I encountered an old colleague online and was surprised to see that the life he chose to display consisted of Marvel movies and similar artefacts from mass culture. As I scrolled through the images, I realised that the popular stereotype that has bled out from the imageboards—the bloated bearded man with an open mouth—is entirely accurate. I suppose I will forever be surprised that stereotypes are accurate, though admittedly this is a new stereotype: the soy boy.
They are named for soy-substitute foods in general and in particular the popular drink Soylent, marketed as a convenience drink—an all-in-one meal, so you can work longer; or, more probably, watch all the Avengers movies in a marathon session (OMG! Totes amazeballs!). Soylent is itself an arch and ironic name; it comes from the 1970s catastrophe film Soylent Green, in which a worldwide famine is resolved by secretly reprocessing humans from an overpopulated earth into a supposedly algae-based foodstuff.

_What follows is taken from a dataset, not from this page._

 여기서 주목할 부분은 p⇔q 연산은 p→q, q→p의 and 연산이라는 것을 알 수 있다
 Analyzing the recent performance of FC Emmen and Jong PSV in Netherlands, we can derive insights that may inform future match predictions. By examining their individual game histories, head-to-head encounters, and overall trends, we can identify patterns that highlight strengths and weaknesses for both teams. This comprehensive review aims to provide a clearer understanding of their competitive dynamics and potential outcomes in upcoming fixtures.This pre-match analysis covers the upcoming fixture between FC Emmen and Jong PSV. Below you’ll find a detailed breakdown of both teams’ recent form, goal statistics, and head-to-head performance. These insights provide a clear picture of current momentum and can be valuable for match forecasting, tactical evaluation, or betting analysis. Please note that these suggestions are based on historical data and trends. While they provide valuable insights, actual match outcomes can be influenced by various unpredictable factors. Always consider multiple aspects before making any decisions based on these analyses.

“Lol. That could never happen in real life. That’s why it’s a funny name. Duh,” chuckles the soy boy. And yet the other day I saw a TikTok from inside some Virginian industrial plant where pig feed is produced; the man behind the smartphone showed how every day he shuffled packets of expired food into a shredding machine which produced the feed. “People say we take the food out of the packets. Hell no!” It was a literal case of “how the sausage is made”; admittedly, the sausage was not “full of people”, as in Soylent Green, but it was filled with plastic and cardboard. So the paranoid heroes in the movie—considered mad when they tell the truth—are much closer to the mark than the soy boy thinks. To be “soy” is really to accept the substitute for the real; to accept sugary plant-based anti-food for meat and milk—and this applies to more than food.

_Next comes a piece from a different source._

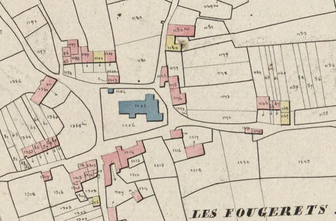 Les Fougerêts. Cadastre napoléonien, section E1 du bourg. Levée par M. Thébaut, géomètre, 1824, échelle 1:2500.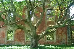 The red-tinged walls of the eastern facade remained after the fire that engulfed the palacete

The soy boy is a child; except he is without the redemptive features found in childhood, such as innocence, naïveté, and guilelessness. Rather, he retains affection for the material trappings of childhood; he collect figurines, revels in cartoon heroism, and adopts a dualistic view on life where there are “goodies” and “baddies”. He retains the worst aspects found in children: the tendency towards eating too many sweets (replaced by the equally sweet craft beer); a sentimental rejection of reality, where everything is for the best (“Of course your food is healthy! There are government regulations. Duh!); and a certain mobbish and conformist playground cruelty. To these he adds the worst aspects found in teenagers: irony and sarcasm—he takes nothing seriously, and mocks the sincere and authentic. He is too weak for the real; so he snipes at it with irony and pushes it away with sarcasm.
There is a status element at play here too. My acquaintance with a fondness for Marvel had a PhD and went to an elite school, so what was he doing enmeshed in what reactionary Germans would call schund—cultural trash. Around the 1990s, it became popular to read mass culture through a high postmodern lens; Žižek is a man who did this extensively. The real status purpose behind this was for people who are steeped in Wagner and Kafka to say: “Look, I’m so cultured I can write about trash, I can write about Die Hard, but still be considered culturally elite. I have cultural capital to burn—of course, I don’t like it sincerely.”
Soyism is not entirely attributable to this phenomenon, but the entire idea that mass culture can be enjoyed ironically by highly educated adults is partly explained by this status game—further, not everyone gets irony; so to be permanently ironic signals higher intelligence and social status. This is what is unhealthy about their figurine collections; they are not engaged in sincere childhood play with these toys, nor are they wistfully reminiscing about the lost world of childhood—rather they are playing a phoney game to look clever.